Well, I already wasn’t using Twitter…


Yes, I am aware that I still have these automatically post through some bot thing on a Twitter account that I used to actively be on, but I got off of posting personally on that almost two years back now. I have to admit that any time I would use crawling timelines has been put to better use, even if I was doing nothing instead, because at least it means I’m not putting aimless stress on myself from constantly remembering everything wrong in the world.

Long story short, for anyone who’s anti-crypto and especially anti-NFT in particular and is still on Twitter, they might be looking at an alternative microblog thingy unless they plan to remain to spite the enthusiasts, given the blue bird of hell’s new official stance on embracing at least the latter of those things, all probably just looking for more of that sweet shareholder money from people who don’t know what a computer is aside from that thing the secretary uses. I decided to further my own website instead of signing up for another social media. I do hear of Mastodon being an alternative, and apparently it’s decentralized in some way, but not in the way that crypto claims to be while one of its major services goes down and keeps people from looking at links that cost a billion moon rocks or so. Still not sure how they do it, but I wasn’t planning to drop one microblog just to wind up in another. I just wanted out, period.

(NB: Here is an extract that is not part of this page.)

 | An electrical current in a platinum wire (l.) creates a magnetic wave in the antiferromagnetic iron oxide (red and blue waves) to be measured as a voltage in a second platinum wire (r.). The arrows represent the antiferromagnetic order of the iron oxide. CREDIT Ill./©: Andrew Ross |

While having no experience with Mastodon means I can’t exactly help with that, I could at least provide some encouragement to stake a bit of virtual property in the form of a personal website, and depending on the host, either for free, free with ads, or at a cost potentially lower than even holding a virtual land stake in Second Life, which still exists and still isn’t doing anything crypto, so their virtual land is way cheaper than any of those crypto land sellers. Depending on the approach, one might not even need to know any HTML or JavaScript or CSS or whatever it is websites are made with today. Templates and programs can help with that. I’ve just had long experience in messing with code so I just tend to want to do most things myself, and having that option is great, contrasted to a mass market of social media adhering to strict templates that change at the whims of the suits, where one might only be able to change a couple images and a color if they’re lucky.

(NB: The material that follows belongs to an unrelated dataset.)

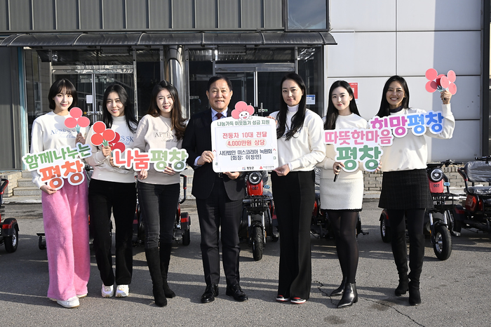 심재국 평창군수는 “미스코리아 녹원회의 따뜻한 나눔에 깊이 감사드린다”며 “기탁해 주신 전동차는 지역 주민들이 편리하고 안전하게 이용할 수 있도록 잘 전달하겠다”라고 말했다.

Funny thing about customization, for the above mentioned Twitter NFT thing, that’s apparently a premium feature, because Twitter just has that now I guess. Clearly the target market here is willing to blow funds on random things so they’re just capitalizing on that. Another paywalled feature on that thing is to change app colors and the displayed icon. Yes, change the color and icon of an app, the theme of which is only visible to the specific user, with a paid thing. Wow, that site sure is stupid. As a bonus, they don’t even get an ad-free experience. And naturally right click save still works on the site, on the rare occasion that someone would actually want to save a copy of a pricey image since those have often been seen as unappealing even without the crypto attachment, and even if Twitter thinks they can disable it, there’s no doubt a way around it. A nice feature of websites in general being effectively built in an open format by default since the start.

Back in the old web mindset, in terms of communication, a static website might not be suited for that. However, it’s also nice to have a public email posted somewhere on that site just in case someone wants to send something over, like a long-form message. Keeping in mind that the public email should be separate from any other emails used for important accounts ideally. In the modern age, there’s usually Discord or something like it to form chat servers and whatnot, since AOL is practically nearly offline at this point, just being some stopgap news spam thing and maybe an email inbox that’s a vestigial property of some larger corporation. Kinda like Yahoo has been after acquiring then eliminating GeoCities long ago, which also for some reason took longer to do in Japan.

Maybe having a personal site isn’t for some people, and I can understand, though I’m pretty biased in favor of it from personal wish fulfillment from childhood I guess. I grew up in the wake of the dot-com bubble when everyone wanted a website and I just found a way to do it that wasn’t just being a kid messing around in a Word document. Being tired of social media timelines in general as well as increasingly dumb UI decisions from templated blog hosts just pushed that forward. I still feel justified in my personal decisions in leaving in favor of wanting a website of my own, however it’s hosted. Yet I still like meeting nice people. And if someone reading this is a nice person who wants to make a website, I’m open to helping with that.